Fig. 1 shows a vehicle door drive 1, in which a rack and pinion drive is formed with a gear 2, which meshes on opposite sides with rack parts 3, 4. The gear 2 is coupled in a known manner with at least one vehicle door, in particular via a rotatably coupled to the gear 2 rotary column 5 (s. Fig. 5 and 6 ). The rack and pinion parts 3, 4 are fluidically, in particular hydraulically, in actuating directions 8, 9 along piston-cylinder units 6, 7 acted upon parallel to each other actuated axes 10, 11 act, the piston-cylinder units 6, 7 generate actuating forces which parallel oriented to each other and have the same sense of direction. In Fig. 1 takes place in the direction of adjustment 8 in fluidic pressurization of the piston-cylinder unit 6 an exercise of a force F ₃ on the gear 2 via the meshing teeth, which causes a moment on the gear 2, which is oriented counterclockwise.

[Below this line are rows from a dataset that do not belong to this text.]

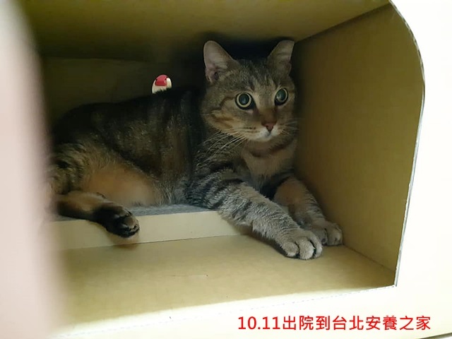 雖然jasmine傷口已無問題,但為多觀察幾日以確保他的健康,所以先暫住台北安養之家,jasmine 很喜歡工作人員特別為他準備的超大毛毛睡窩,躺在裡面開心踩踩的模樣好可愛,目前食慾精神都很好。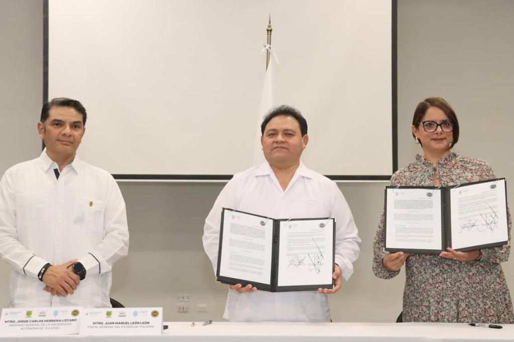 La Universidad Autónoma de Yucatán (UADY) firmó un convenio con la Fiscalía General del Estado para consolidar la formación y capacitación de abogados para desempeñarse en las Unidades de Litigación de la corporación.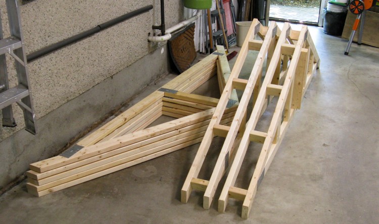 The next stage was doing the roof. I decided to use trusses as opposed to building rafters directly on the shed. I used a simple style called a King truss and with my truss parameters of: "#1 or #2 spruce/pine/fir" wood, 9' span, 16" spacing and 2x4 truss construction, the strength came out to just about what you'd need based on snow load in my location.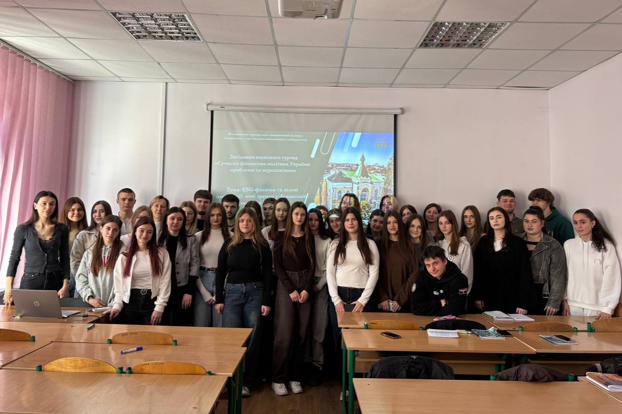 10 березня 2026 року в рамках XІV Фестивалю студентської науки кафедрою фінансів було проведено відкрите засідання наукового гуртка «Сучасна фінансова політика України: проблеми та перспективи» на тему «ESG-фінанси та зелені інвестиції: нові тренди у фінансовій політиці України».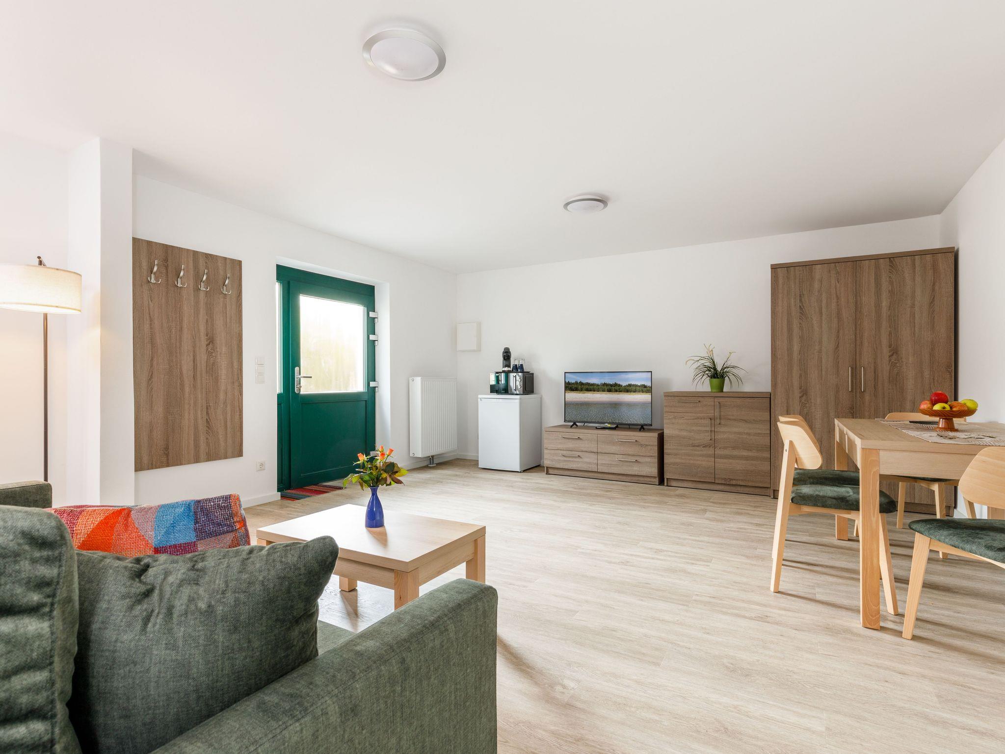 Modernes, strandnahes Apartment im Feriendorf Strandgut mit vielseitigen Freizeitangeboten und barrierefreiem Komfort.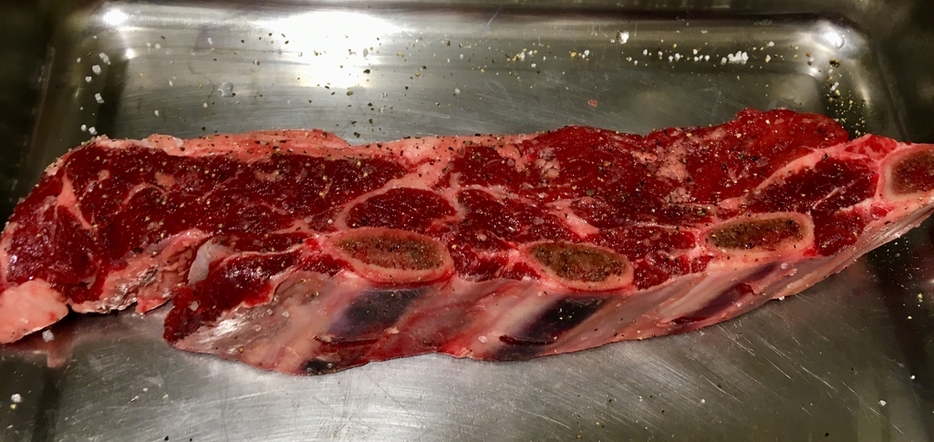 TIRA DE ASADOという種類のお肉を購入。日本でいうと骨付きカルビの部位だそうです。なんと1kg、10€以下(9.5€)。アルゼンチンでBBQをする際によく食べる部位とのこと。
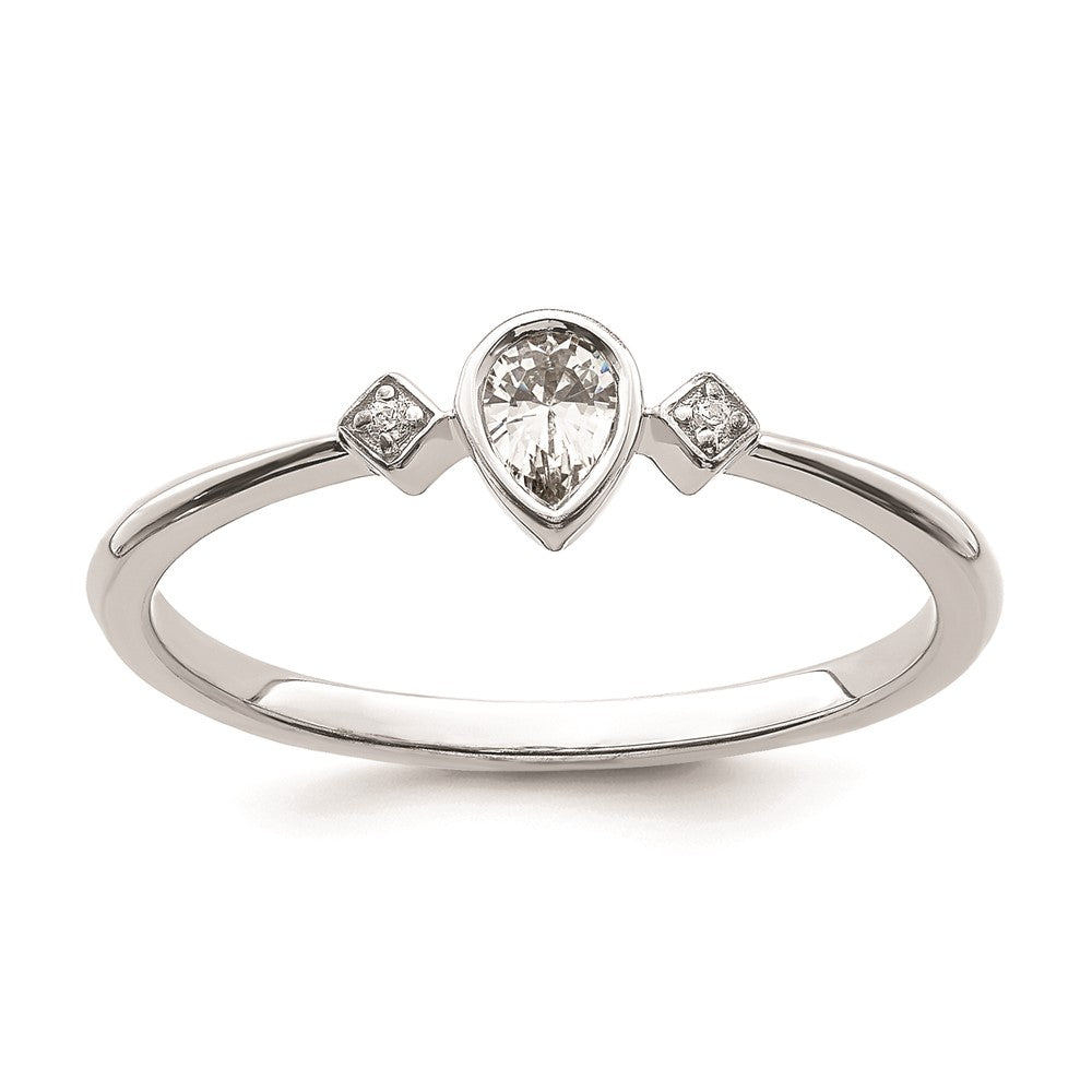 14k White Gold Petite 3-Stone 1/15 carat Pear Diamond Complete Promise/Engagement Ring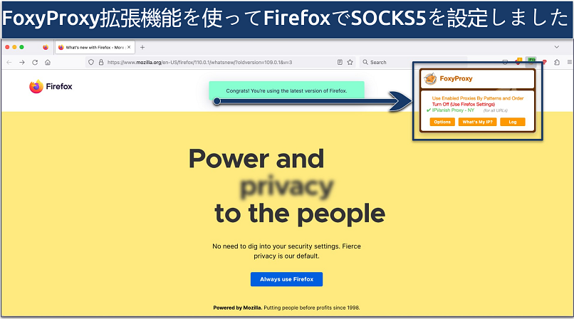 IPVanishの各アカウントでSOCKS5プロキシが使えます。SOCKS5プロキシはVPNほど安全ではないものの、より高速です。私はTorrentの速度を向上するために使っています。FirefoxやTorrentクライアントに設定できるので、いつでも必要なときに高速通信を得られます。とは言え、通信速度が遅いわけではありません。マイアミとシカゴのサーバーでUHD動画を視聴するのに十二分なスピードでした。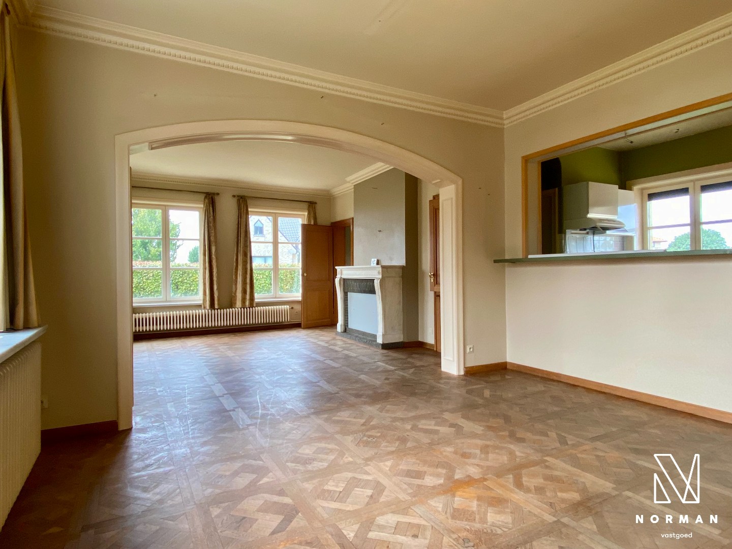 De leefruimte is zeer aangenaam en voelt gezellig aan door het authentieke parket.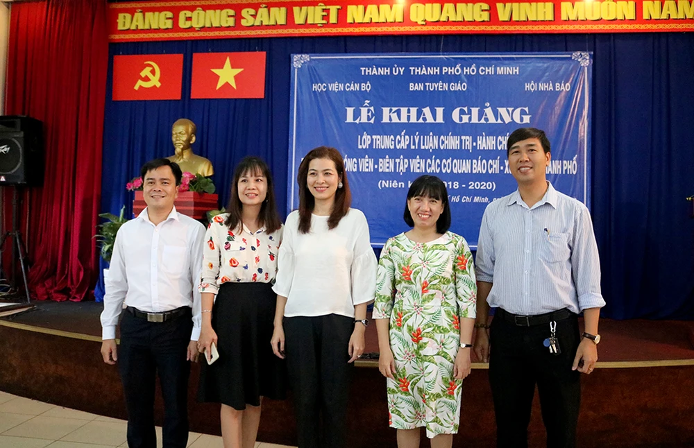 Bà Đoàn Nguyễn Thùy Trang, Phó Chủ tịch Hội Nhà báo TP.HCM (thứ hai từ phải sang), làm giáo viên chủ nhiệm cùng ban cán sự lớp ra mắt học viên. Ảnh: T.TUYỀN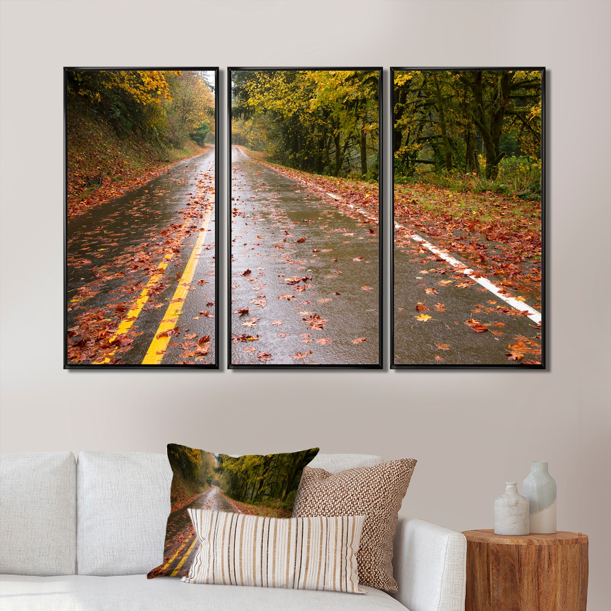 Designart "Wet Rainy Road in Forest" Landscape Framed Canvas Wall Art Print Set of 3 - 4 Colors of Frames

By contrast, the fluidic admission of the piston-cylinder unit 7 leads to a force F ₄ in the direction of adjustment 9, which exerts a torque on the gear 2, which is oriented in a clockwise direction. The resulting ultimately on the gear 2 resulting moment M _R thus results from M _R = (F ₃ - F ₄ ) x R, where R denotes the effective radius of the gear 2. It is possible to bring about a reversal of the direction of the resulting moment M _R depending on which of the actuating forces F ₃ or F ₄ predominates. Regardless of the sense of direction of M _R can thus be generated at the piston-cylinder units 6, 7 actuating forces, which have the consequence that the tooth flanks of the teeth of the rack parts 3, 4 constantly abut in the same direction on tooth flanks of the toothing of the gear 2 ,

The vehicle door drive 1 is formed with a housing 12 which is penetrated by two coaxial with the actuating axes 10, 11 oriented stepped bores 13, 14. The holes 13, 14 are formed substantially coincident, so that in the following only the geometry of a stepped bore is described, the corresponding applies to the other stepped bore 13, 14 applies. Here, reference numerals for the bore 13 in the figures are marked with the additional letter a, while these are marked for the bore 14 with the additional letter b. The reference numerals are partially only in one of the holes 13, 14 and / or in one of FIGS. 1 and 2 entered.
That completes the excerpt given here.